The degree of isomerization of the product resulting from the distillation was 76.5%. Another 30 ml of soy acid were added to the distillation residue and heated to 1500 C for 40 hours. A fatty acid mixture was obtained by distillation obtained with the degree of isomerization 72%.
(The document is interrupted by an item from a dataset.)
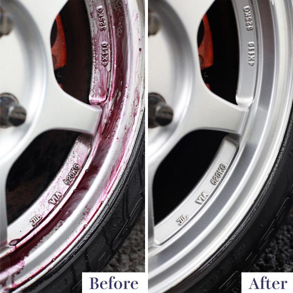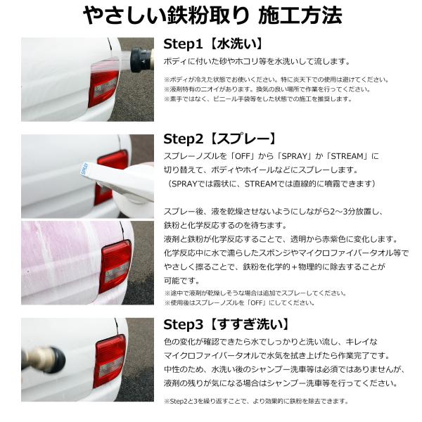 ボディに水を掛けた後、液剤をスプレーして、赤紫色に変わったら水でしっかり流すだけ。

Similar results were obtained with a catalyst combination of 0.2 g (3P) 3 Rh Cl and 0.1 g Sn Cl2 2 H2O were obtained.

Claims (7)

P a t e n t a n 8 p r a c h e 1. Process for catalytic isomerization, olefinically unsaturated he compounds with the formation of structures with conjugated double bonds, characterized in that complex compounds are used as isomerization catalysts of mono- and trivalent rhodium and / or bivalent and trivalent ruthenium in Combination with metal halides from the class of the chlorides and / or bromides of Copper (II), mercury (II) aluminum, tin (II) and (IV), antimony (III), bismuth (III) can be used. 2. The method according to claim 1, characterized in that the rhodium and / or ruthenium complexes contain halogen ligands. 3. The method according to claim 1 - 2, characterized in that the Rhodium and / or ruthenium complexes contain chlorine ligands. 4. The method according to claim 1-3, characterized in that the Cocatalyst is a chloride. 5. The method according to claim 1-4, characterized in that the The cocatalyst is a chloride of tin, in particular the compound Sn Cl2 2 H20. 6. The method according to claim 1-5, characterized in that the Catalyst combinations rhodium and / or fluthenium complex and cocatalyst im Molar ratio 1: 1 to 1:15, preferably 1: 2 to 1:10. 7. The method according to claim 1-6, characterized in that as olefinically unsaturated compounds containing polyunsaturated 6 -24 carbon atoms Carboxylic acids are used in the form of their esters and especially in the form of the free acids will.